On the other hand, is the want of capital, the poverty of the
labourer, and the proletarian, merely the consequence of his own
faults and of those of his ancestors ? No one will dare aver this ?
If, therefore, the actual inequality in fortunes is not alone the
result of the economic system of those who possess, and of the
anti-economic system of those who do not possess, to what other
cause must we attribute this inequality?
How does it happen that, day by day, capital accumulates in
the hands of a small minority, whilst tbe majority of the wages
scarcely suffice, notwithstanding the labour, for the needs of the
masses ?
It is evident that one must seek the solution in the iniquitous
redistribution of the return of labour in respect of the labour
provided.
Listen to what one of the most celebrated political economists
of England says upon this question—
“ The produce of labour,” says Stuart Mill, “ is redistributed
.at the present time in an almost inverse ratio to the labour sup­
plied: the greatest return falls to the lot of those who never
work: after these, to those whose work is only nominal, and thus
in a descending scale, wages are reduced in proportion as the
labour becomes more onerous and more disagreeable, until at last
that which is the most fatiguing and pernicious to the body can
.scarcely secure with certainty the acquisition of the immediate
necessities of existence.”
We will not inquire by what concatenation of historical events
the labourer has been by degrees deprived of the means of labour,
and how the disproportion which exists between wages and labour
has been brought about.
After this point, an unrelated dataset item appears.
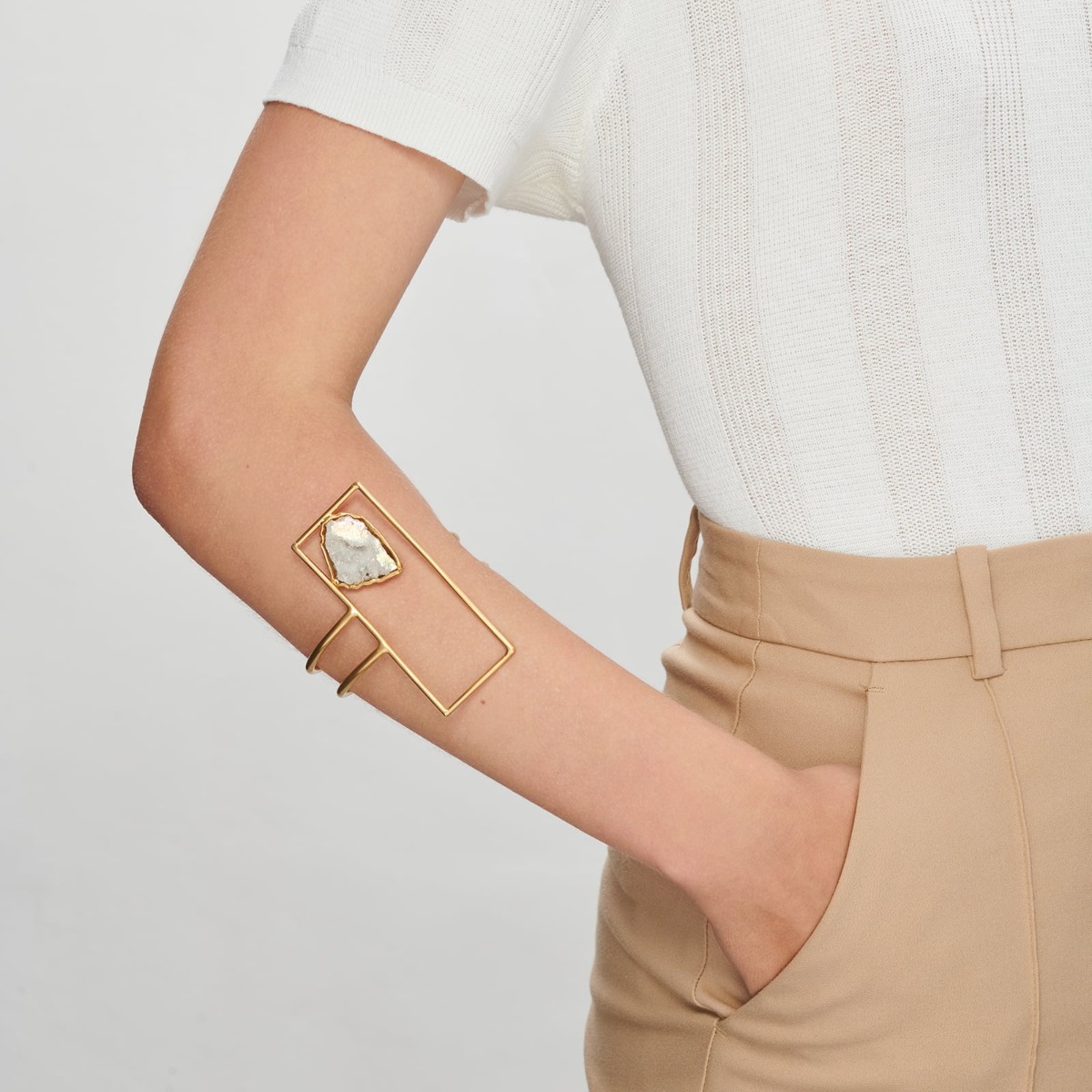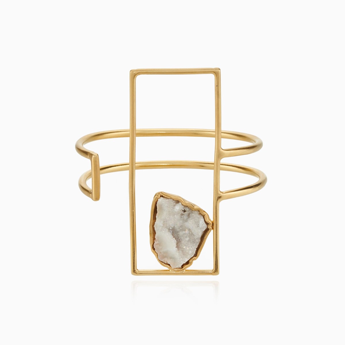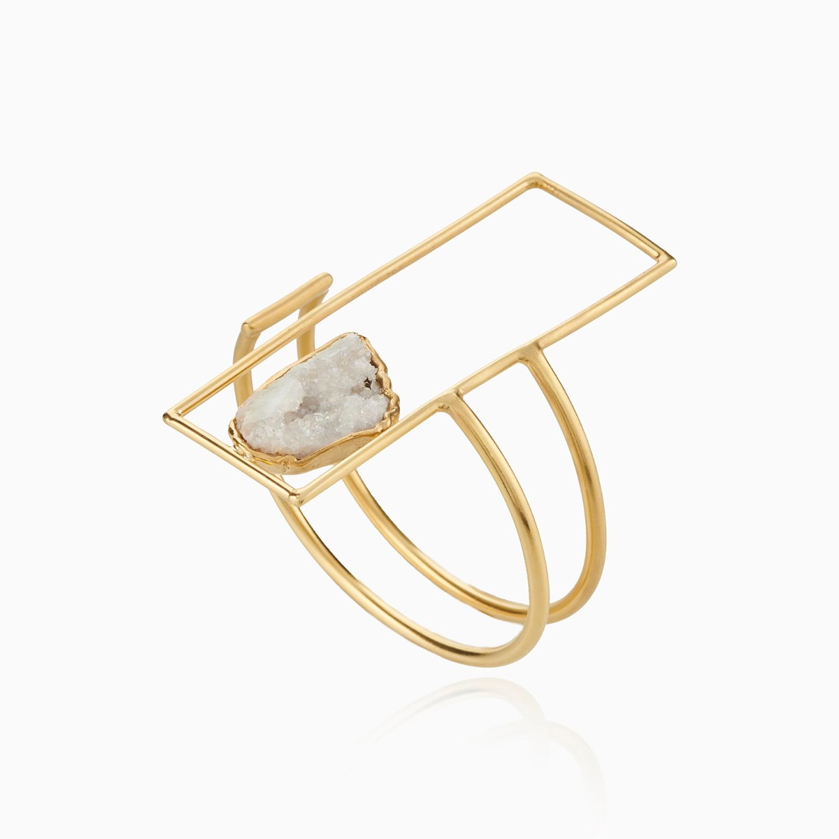 Η τραχιά ομορφιά του αχάτη κλείνεται σε ένα ορθογώνιο στοιχείο για να αναδειχθεί μέσα από την αντίθεση με την αυστηρότητα των γεωμετρικών γραμμών. Ο ημιπολύτιμος λίθος ακουμπά μαλακά στο χέρι, σε ένα πρωτότυπο παιχνίδι υφών και ασυμμετρίας. •Ορείχαλκος με επιχρύσωση 24k •Λευκός αχάτης

The question before us is the following:—
What has the State done to obtain a more equitable distri­
bution of the products of labour ?
Has it ever tried either by laws or by other institutions to pro­
tect the labourei’ against the preponderance of capital and to
place a limit to the social inequality which daily increases ?
If we examine the history of all States, we shall find that up to the
latest times, nothing or nearly nothing has been done in this respect.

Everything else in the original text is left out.